Ainsley returns from a visit to the prenatal clinic, which had caused her to miss the dinner. Marian finds her crying in her room. Ainsley explains that a psychologist had come to the clinic and lectured the women about the importance of a father in a child’s life. Ainsley is extremely distressed, feeling that she’s made a mistake by deciding to raise her child on her own and mistakenly believing that a mother is all a child needs. Ainsley vows to find a father for her child so that he doesn’t end up psychologically abnormal.


As Marian’s difficulties eating increase, they become another contributing factor to her alienation, which becomes apparent during the office party scene. Marian finds herself not only unable to eat, but disgusted and repelled by the presence of an abundance of food. The food becomes a transcendent force; something that she observes permeating the bodies of the women around her as she observes them and is able to see their “inside and outside.” The food becomes directly connected to the female bodies that she witnesses, bodies that she describes as grotesque and repulsive.

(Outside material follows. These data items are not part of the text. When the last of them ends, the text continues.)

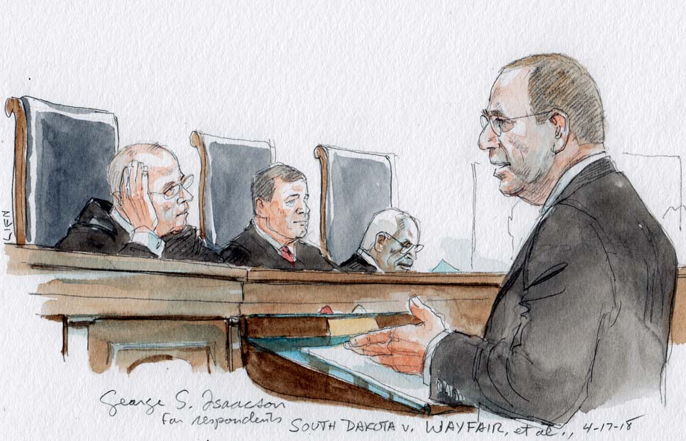 Kennedy, who had invited the challenge to Quill with his concurrence in 2015’s Direct Marketing Association v. Brohl, asked only a couple of questions, in which he appeared to be restating the arguments of Isaacson or others. He referred to a proposition, whether it was that of the parties or his own, that “this court has made a statement of constitutional law that … has now, especially in light of the cyber age, proven incorrect.”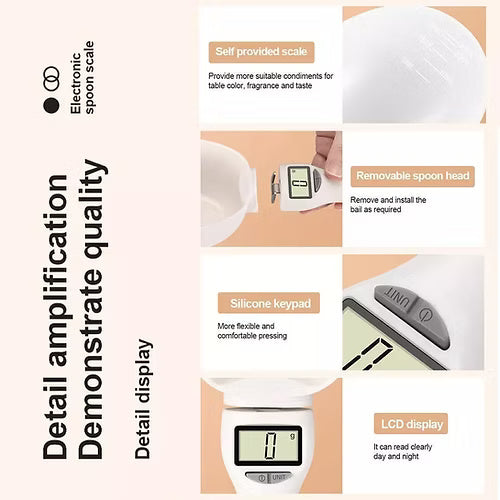 Convenient and compact design: The handheld electronic spoon scale is designed to be compact and portable, making it easy to carry and use while on the go. It eliminates the need for separate weighing scales and spoons, saving space in your kitchen.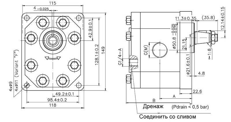 Гидромоторы шестеренные группа 3 (X568) 22-60 cм3, 500-2500 об/мин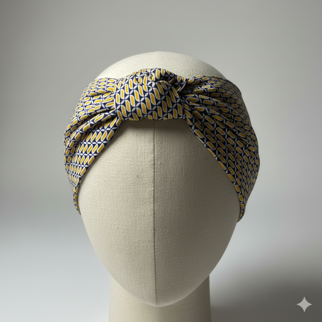 Turbante in cotone fantasia giallo blu Made in Italy Fascia Capelli Hairband headband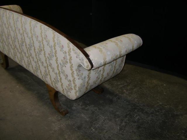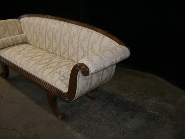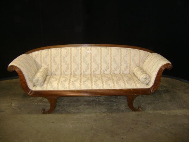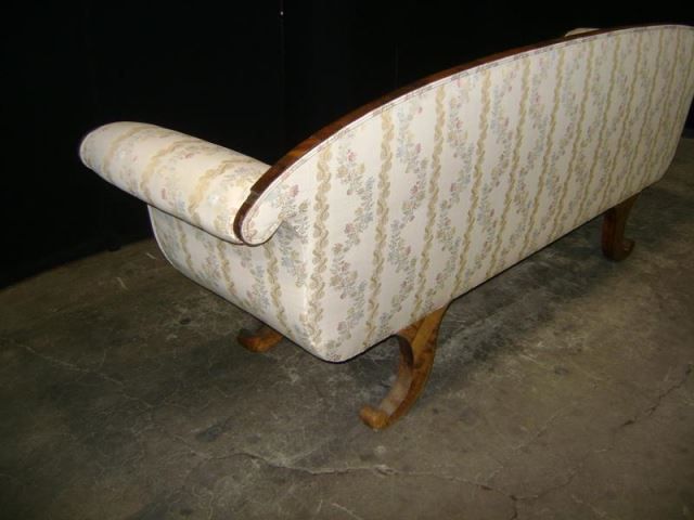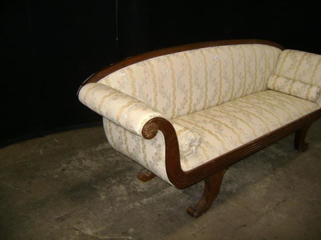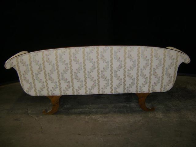 Early American Burled Walnut Provincial Style Cream Colored Upholstered Sofa

This growing disgust with the female bodies around her, and their consumption, represents Marian’s growing disgust and frustration with her own role as a woman. As she watches the women at the party, she compares them to food, fruits, and vegetables that are “overripe” or beginning to “shrivel.” Marian begins to see women as consumable; the metaphor here implies that women’s bodies are eaten away not just by age, but by the negative views that society holds about aging female bodies. Women exist to become rotten once they lose their sexual appeal; when they are no longer young and sexually desirable, they rot, and are no longer viable for consumption—no longer able to occupy status within society.

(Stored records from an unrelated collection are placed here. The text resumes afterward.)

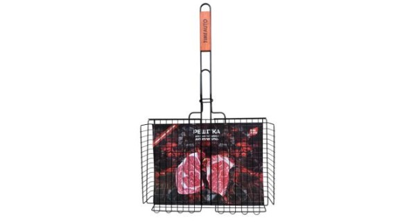 Решітка для гриля та барбекю на якій можна легко і швидко приготувати м'ясні стейки, рибу та овочі на мангалі. Завдяки антипригарному покриттю продукти не пригорають до ґрат. Зручна ручка із дерев'яною вставкою не нагрівається. Завдяки надійній фіксації та притиску продукти прожарюються рівномірно, а цікава форма переплетення прутів надасть дуже апетитного вигляду готовій страві.
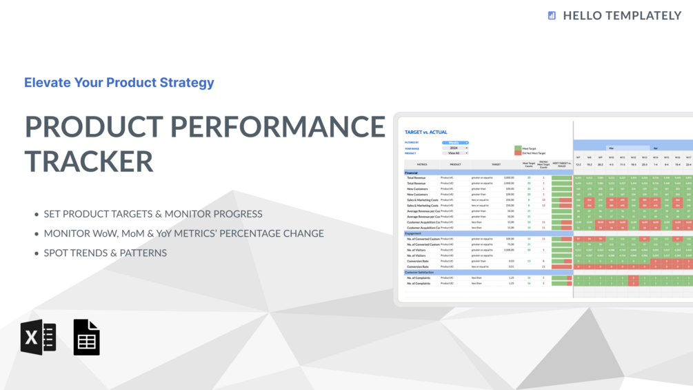 The Product Performance Tracker template is a perfect tool for product managers, business owners, team leaders, data analysts, development teams, tracking up to 50 metric categories, 50 metrics & 50 products.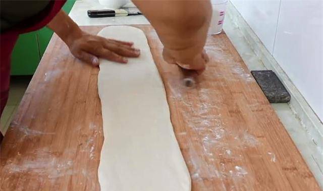 2.现在面团发酵好了,加入一茶匙小苏打,和面团一起揉。案板上撒些干面粉,揉好的面团揉成长条,用手掌压一下,然后用擀面杖擀开,擀成一样的宽度,厚度均匀。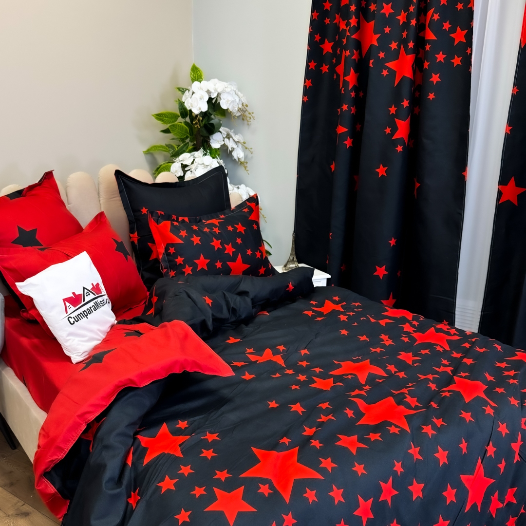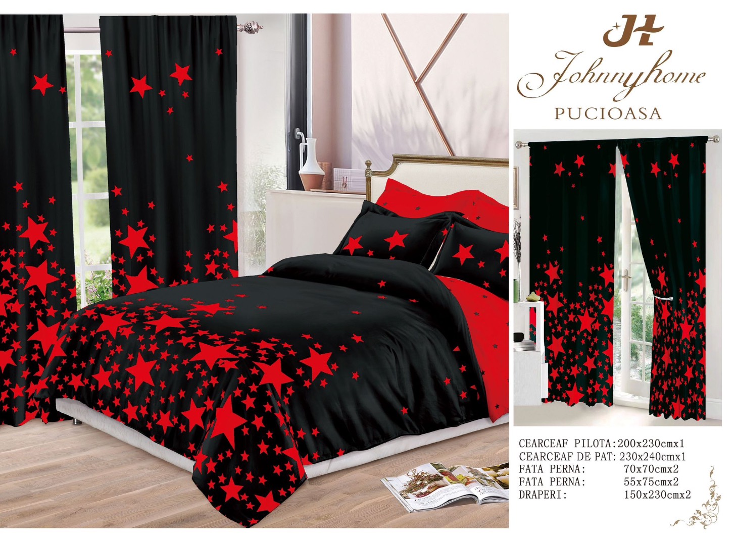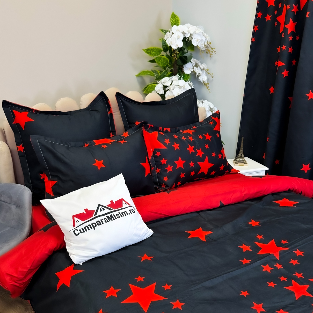 Set lenjerie de pat din bumbac finet, 8 piese, cu draperii incluse – Model fluturi Iti prezentam un set complet de lenjerie de pat din finet, format din 8 piese, inclusiv 2 draperii cu rejansa pentru o fixare usoara pe bara. Acest set unic are un design elegant si rafinat, care se regaseste atat pe lenjeria de pat, cat si pe draperii, oferind o armonie vizuala perfecta in dormitorul tau. Detalii produs:Material: 100% bumbac finet, cunoscut pentru textura sa moale si placuta la atingere

Marian, too, sees herself as one of the female bodies that disgust her, and feels “suffocated by femininity,” physically choking at the oppressive expectations that she, as a woman, faces. When faced with this overwhelming presence of women—the office party is made up solely of women—she finds herself wanting Peter, who is “solid” and “clear.” Female bodies are unclear and fluid, able to be molded, eaten, and destroyed; male bodies, on the other hand, such as Peter’s, are strong. Strict gender roles are reflected in Marian’s metaphorical perception of the women around her and Peter’s own physical presence.

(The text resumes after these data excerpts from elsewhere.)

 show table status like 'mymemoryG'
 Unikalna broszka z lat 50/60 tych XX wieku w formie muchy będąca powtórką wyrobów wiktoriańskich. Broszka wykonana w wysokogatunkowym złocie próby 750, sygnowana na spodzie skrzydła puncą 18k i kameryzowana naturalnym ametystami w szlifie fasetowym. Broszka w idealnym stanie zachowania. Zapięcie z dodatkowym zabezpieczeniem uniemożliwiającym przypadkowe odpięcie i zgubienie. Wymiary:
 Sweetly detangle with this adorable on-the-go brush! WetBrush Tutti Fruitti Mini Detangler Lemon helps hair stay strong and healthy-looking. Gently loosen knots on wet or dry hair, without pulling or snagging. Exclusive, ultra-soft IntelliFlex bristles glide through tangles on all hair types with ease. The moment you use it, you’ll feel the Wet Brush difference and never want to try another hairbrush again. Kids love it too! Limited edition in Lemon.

These chapters also mark a turn in Marian’s relationship with Duncan—a turn that further reflects Marian’s internalized belief in gender roles. When Duncan tells her that he was waiting for her, she feels compelled to abandon him on the bench in the park. She feels repelled by his expression of sentimental feelings and desire. She rejects intimacy and real feelings of affection. Here, too, Marian appears to express an internalized belief that adheres to gender stereotypes. When Duncan tells her he wants her, he strays from the male stereotype that dictates male emotions must be distant, stoic, or silent—a stereotype that Peter, on the other hand, fulfills by being “solid.”

Within these chapters, an important reversal occurs in Ainsley. Although she had previously focused on rejecting the expected feminine stereotype of a mother and wife dependent on a man by getting pregnant of her own will and intending to raise a child alone, here she begins to return to a stereotypical female role after learning that her child needs a father to develop properly. Her rejection of the stereotype has tragically reversed, putting her in a compromised position as she must search for a father in order to ensure the healthy development of her future child. This creates an implication that even women who vow to defy gender norms are forced back into them, unable to escape and willingly returning to them in a way that creates a sort of tragicomic irony.